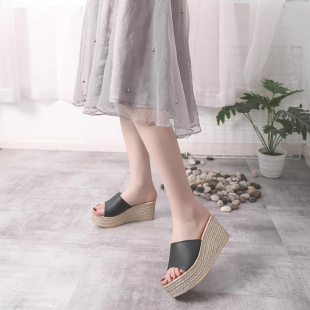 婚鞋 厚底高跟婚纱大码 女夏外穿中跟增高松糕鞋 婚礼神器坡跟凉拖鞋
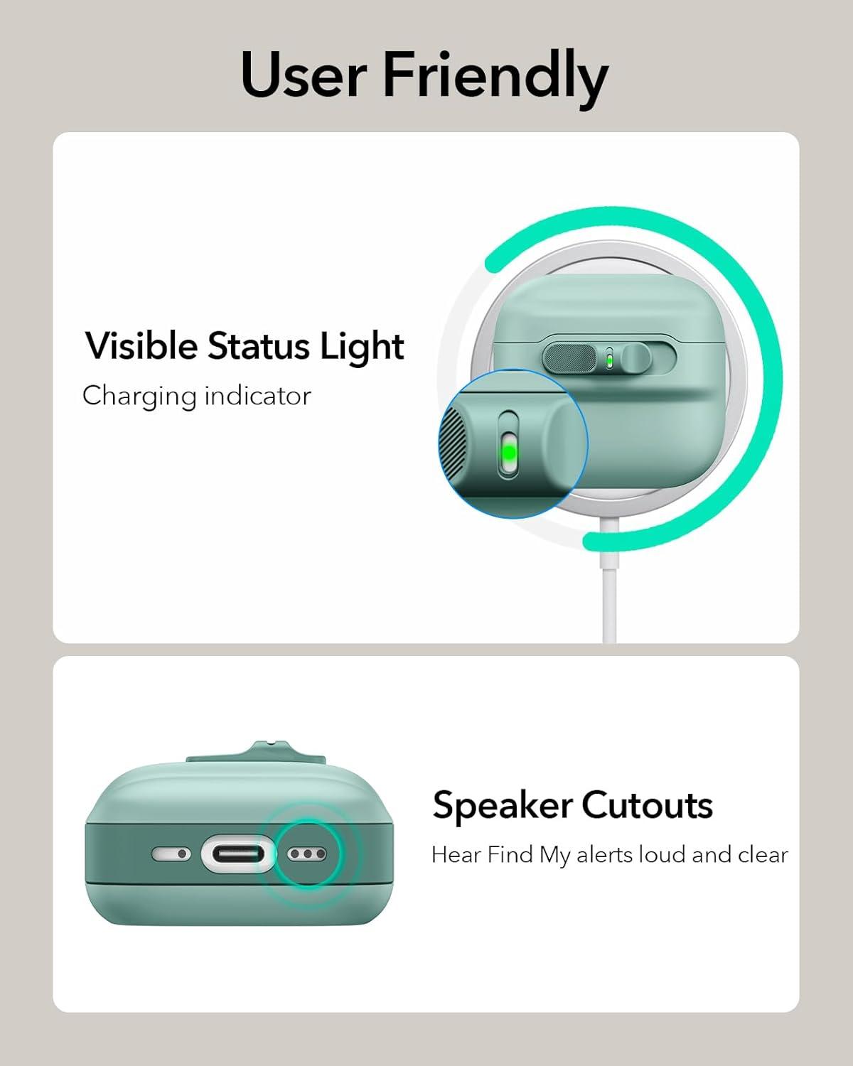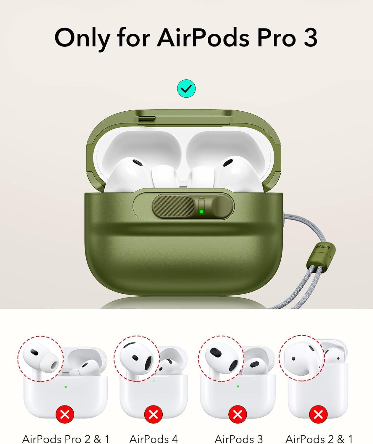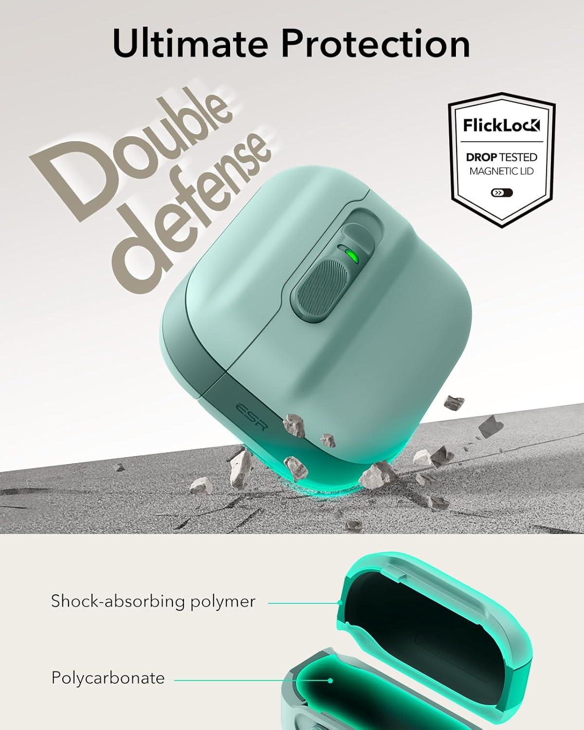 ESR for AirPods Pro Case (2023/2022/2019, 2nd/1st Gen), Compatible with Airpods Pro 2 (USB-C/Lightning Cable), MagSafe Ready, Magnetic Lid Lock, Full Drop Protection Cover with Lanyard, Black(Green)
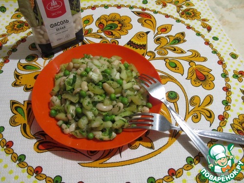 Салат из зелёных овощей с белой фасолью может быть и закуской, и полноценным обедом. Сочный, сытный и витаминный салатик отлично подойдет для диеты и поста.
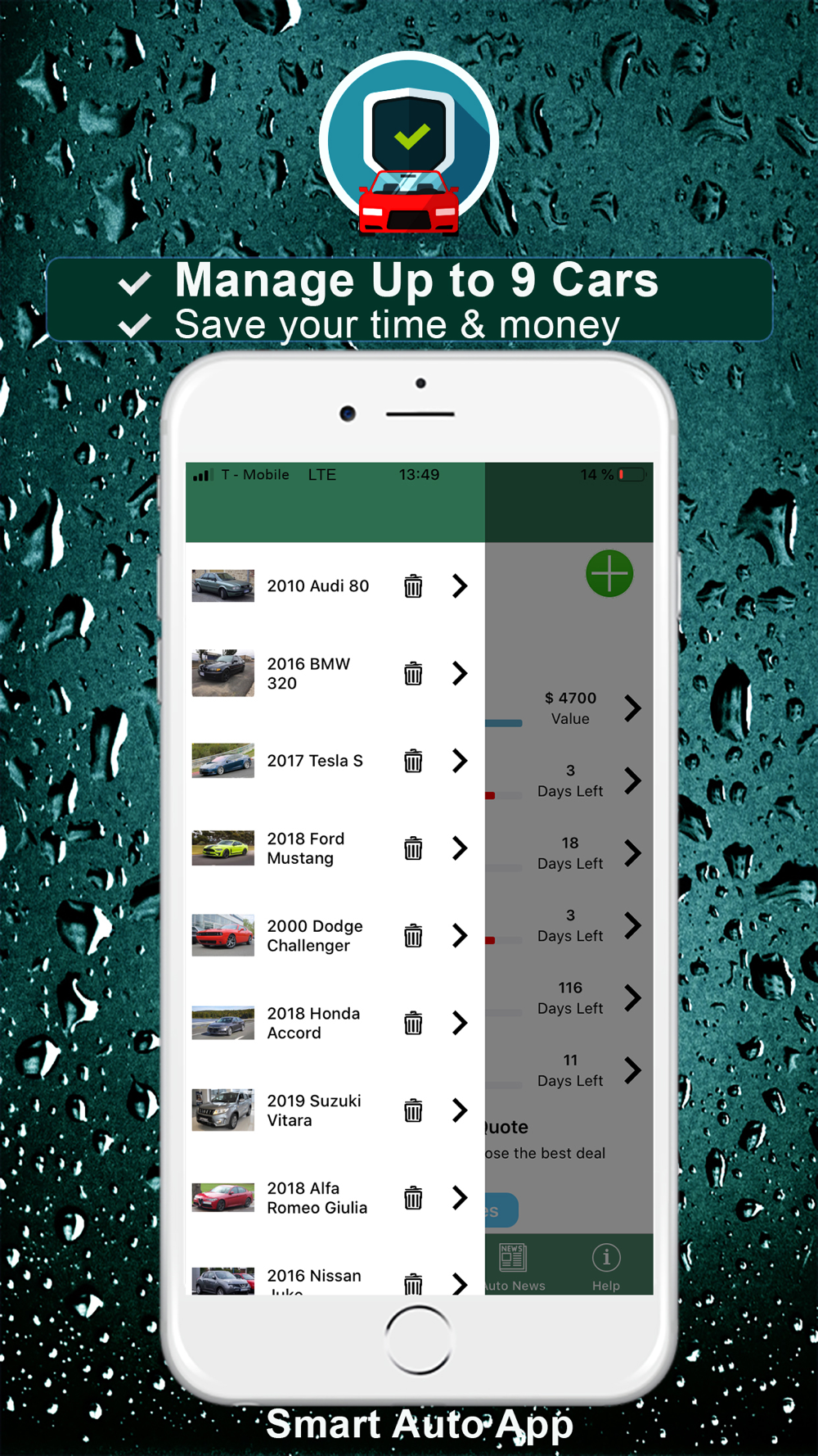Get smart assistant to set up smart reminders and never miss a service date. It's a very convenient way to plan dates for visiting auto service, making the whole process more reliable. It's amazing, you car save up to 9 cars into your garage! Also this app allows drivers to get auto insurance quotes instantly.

> [Task prompt]: Please write out every line of the listing above exactly, and leave the images behind.

> [Finished exercise]:
 婚鞋 厚底高跟婚纱大码 女夏外穿中跟增高松糕鞋 婚礼神器坡跟凉拖鞋
 ESR for AirPods Pro Case (2023/2022/2019, 2nd/1st Gen), Compatible with Airpods Pro 2 (USB-C/Lightning Cable), MagSafe Ready, Magnetic Lid Lock, Full Drop Protection Cover with Lanyard, Black(Green)
 Салат из зелёных овощей с белой фасолью может быть и закуской, и полноценным обедом. Сочный, сытный и витаминный салатик отлично подойдет для диеты и поста.
Get smart assistant to set up smart reminders and never miss a service date. It's a very convenient way to plan dates for visiting auto service, making the whole process more reliable. It's amazing, you car save up to 9 cars into your garage! Also this app allows drivers to get auto insurance quotes instantly.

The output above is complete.